Pfizer Inc. reported full-year 2025 revenues of $62.6 billion, marking a pivotal year in the company’s post-pandemic transformation. The year reflected a deliberate shift away from episodic COVID-19 demand toward sustained, science-driven growth engines across vaccines, cardiometabolic disease, oncology, and rare diseases, reinforcing Pfizer’s long-term strategic repositioning.
“2025 was not about replacing pandemic-era revenues, but about rebuilding Pfizer around durable scientific platforms,” said Dr. Albert Bourla, Chairman and Chief Executive Officer of Pfizer. “Our performance reflects a company transitioning from episodic demand to sustained therapeutic-area leadership.”
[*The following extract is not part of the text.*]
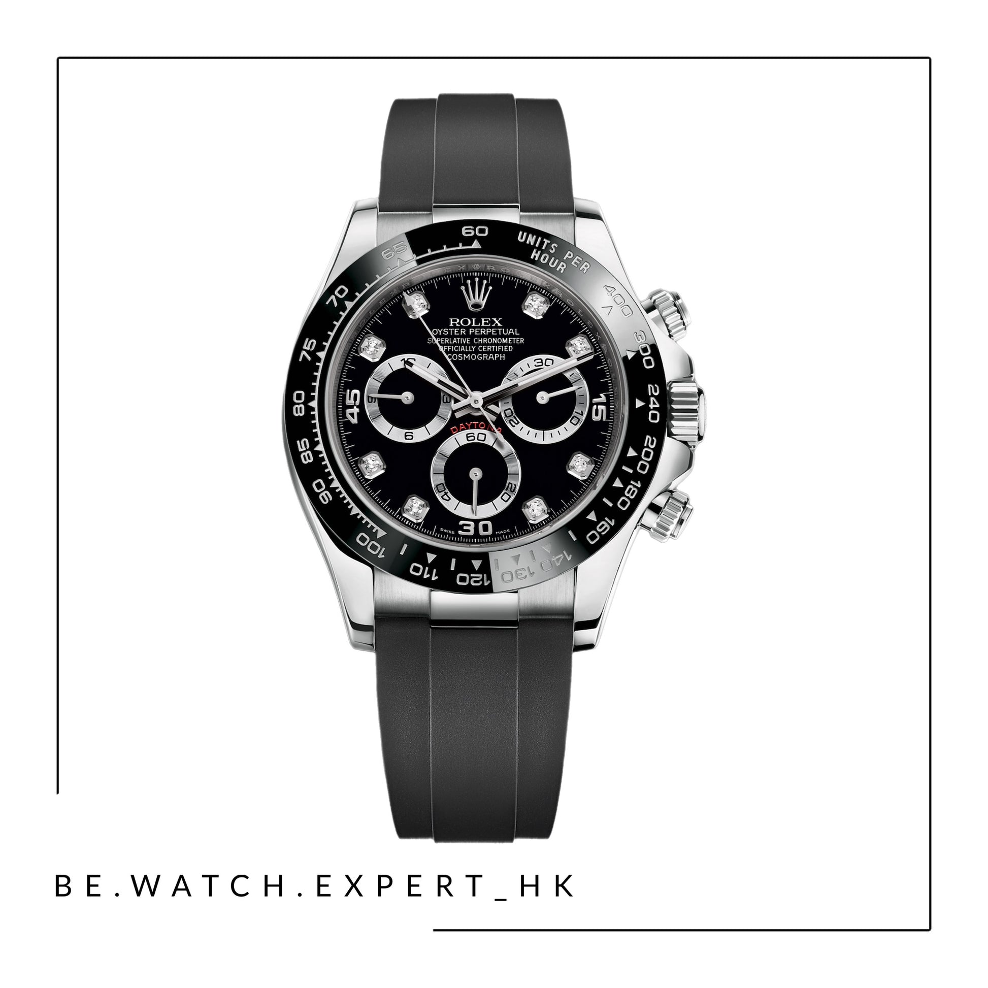 18K白金款,鑲鑽黑面,黑色CERACHROM外圈
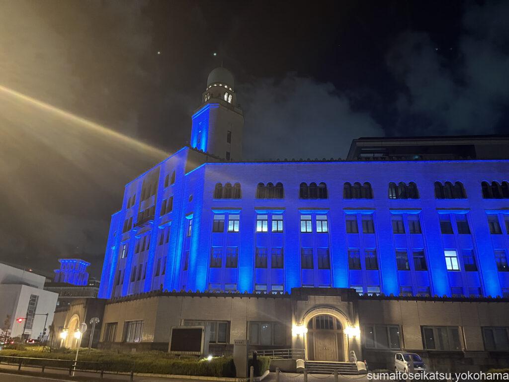 そして、ふと見上げると「横浜三塔」のうちの「クイーン」(横浜税関)がライトアップされているのが見えました。さらに奥を見ると「キング」(神奈川県庁)も同じように輝いています。

Transition from COVID-19 to Core Franchise Growth
While COVID-19 vaccine and antiviral revenues continued their expected normalization in 2025, Pfizer delivered operational growth across its non-COVID core portfolio. This shift improved revenue quality and reduced volatility, signaling a structurally more balanced business model anchored in chronic, specialty, and preventive care.
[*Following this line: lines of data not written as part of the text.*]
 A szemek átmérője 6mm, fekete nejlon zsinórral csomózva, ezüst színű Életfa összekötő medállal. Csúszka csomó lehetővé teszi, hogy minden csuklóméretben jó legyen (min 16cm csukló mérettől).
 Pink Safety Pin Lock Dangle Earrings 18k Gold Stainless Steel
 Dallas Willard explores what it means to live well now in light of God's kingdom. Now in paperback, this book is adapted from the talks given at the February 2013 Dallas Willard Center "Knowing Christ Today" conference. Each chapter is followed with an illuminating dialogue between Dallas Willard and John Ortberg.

Vaccines: From Emergency Response to Lifecycle Leadership
Vaccines remained a foundational pillar of Pfizer’s portfolio. The Prevnar pneumococcal franchise sustained strong global demand, particularly in adult and high-risk populations, supported by lifecycle management strategies and expanded real-world utilization. ABRYSVO, Pfizer’s RSV vaccine, emerged as a strategically important growth driver, with expanding adoption in older adults and maternal immunization, positioning RSV as a recurring, long-term vaccine market rather than a seasonal opportunity. The COVID-19 vaccine portfolio transitioned fully into a mature, managed franchise, enabling reinvestment into next-generation vaccine platforms.
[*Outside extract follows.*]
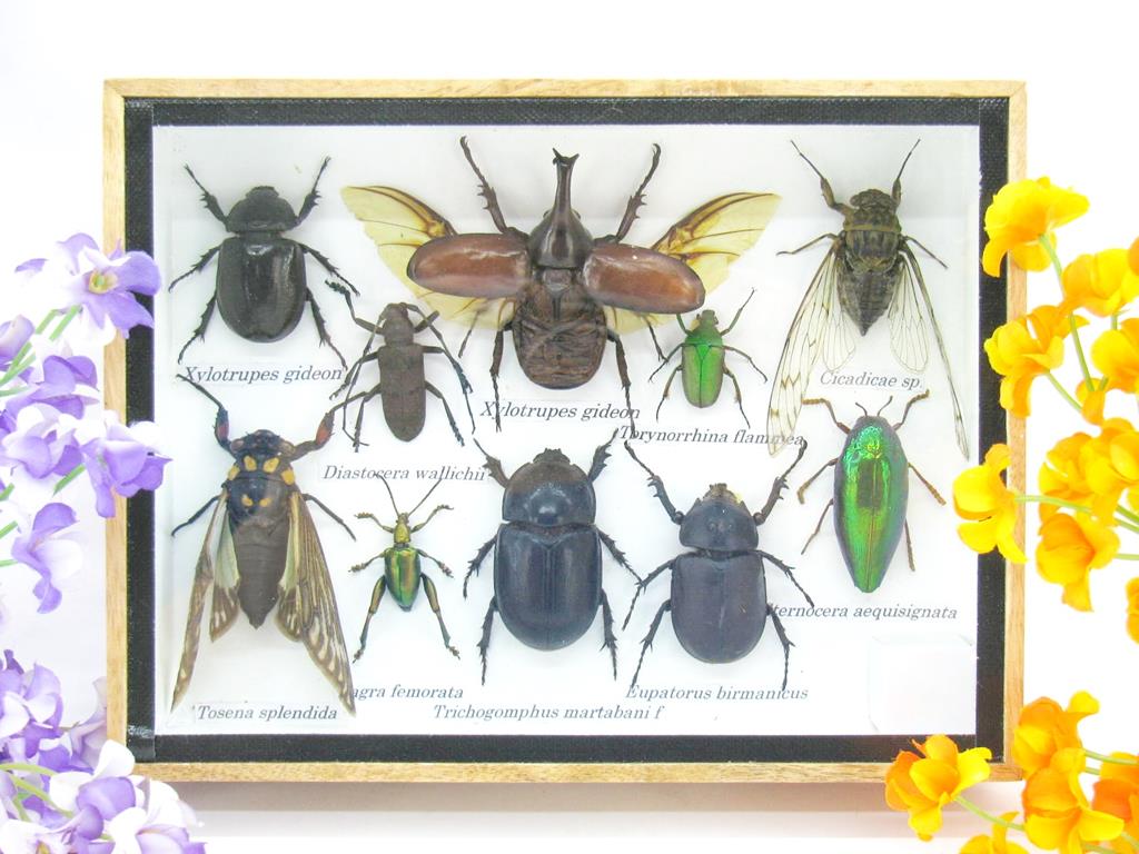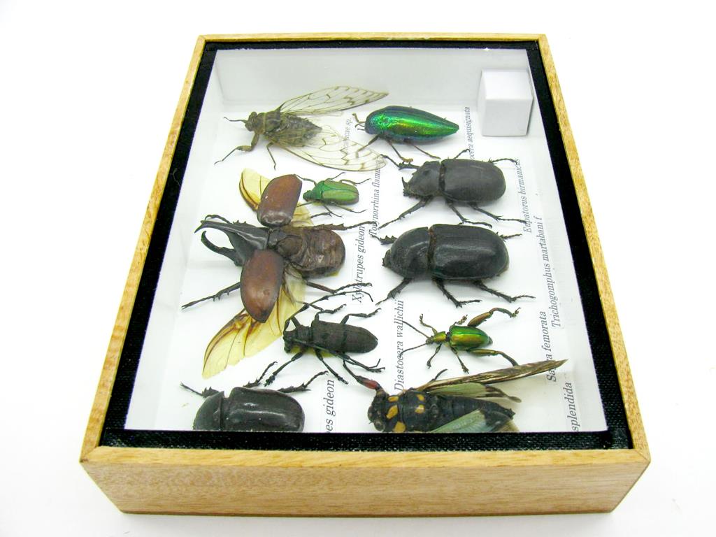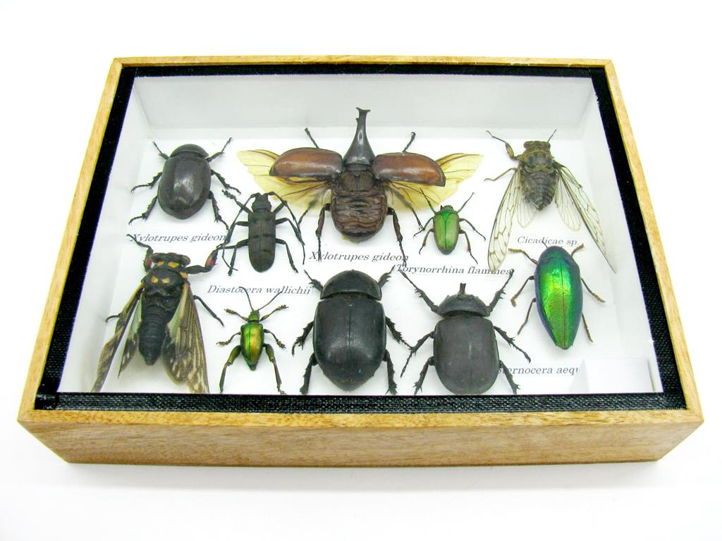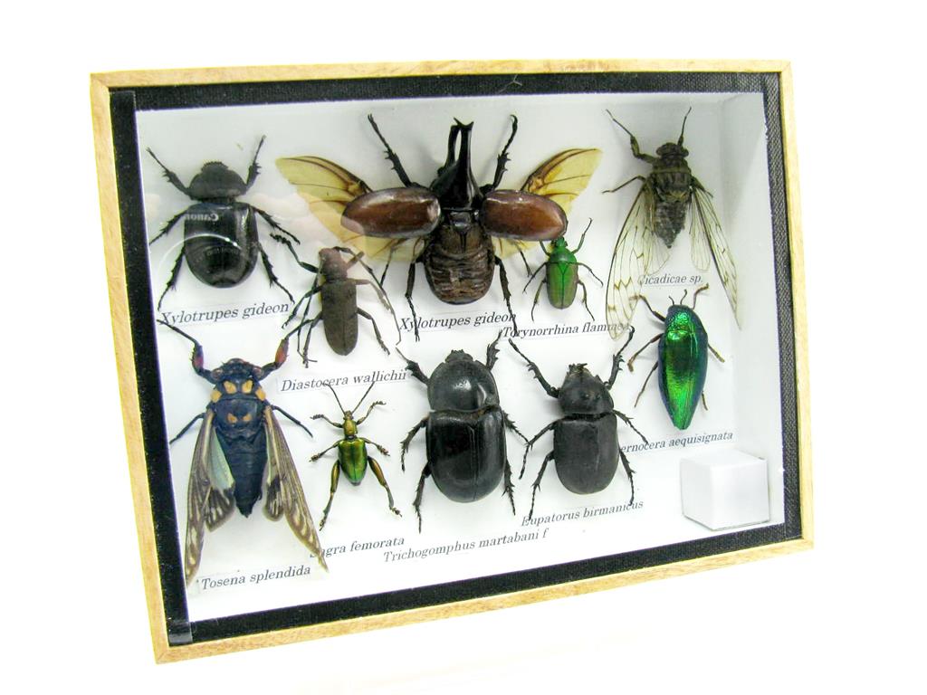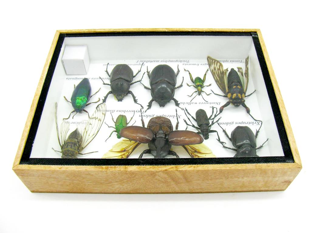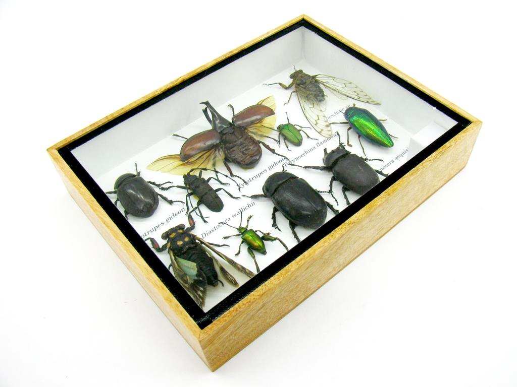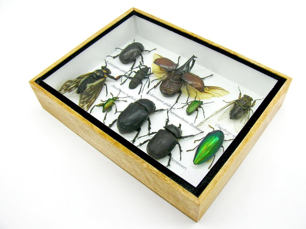 Echte exotische Insekten im Schaukasten aus Holz und Glas m-12

Cardiometabolic and Rare Disease: Durable, High-Value Franchises
In cardiometabolic disease, ELIQUIS continued to deliver stable, high-quality revenue, reinforcing Pfizer’s strength in chronic cardiovascular care through deep guideline integration and long treatment durations. Pfizer’s rare disease strategy gained further traction through continued growth of VYNDAQEL and VYNDAMAX in transthyretin amyloid cardiomyopathy, supported by improved diagnosis rates, global access expansion, and durable clinical differentiation.
Oncology: Scaling a Future Growth Engine
Oncology showed tangible progress as a long-term growth pillar in 2025. PADCEV delivered strong momentum, driven by expanded indications and increased use in earlier lines of treatment, validating Pfizer’s strategic focus on antibody-drug conjugates and precision oncology. The broader oncology pipeline continues to emphasize targeted therapies, combination regimens, and biomarker-driven development.
R&D Strategy: Focus, Conviction, and Long-Term Value
Across research and development, Pfizer emphasized focus over breadth, prioritizing high-conviction investments in next-generation respiratory vaccines, oncology platforms with combination potential, cardiometabolic and obesity science, and rare diseases with high unmet medical need and long lifecycle durability. This approach reflects a shift toward capital-efficient innovation and sustainable franchise building.
Strategic Outlook
Entering 2026, Pfizer’s strategy is increasingly defined by clarity and discipline, centered on lifecycle-driven vaccine leadership, durable specialty franchises, and the scaling of differentiated oncology assets.
“Pfizer is emerging from this transition more focused, more disciplined, and more science-driven,” Bourla concluded. “Our objective is to build franchises that matter for decades and deliver sustained impact for patients worldwide.”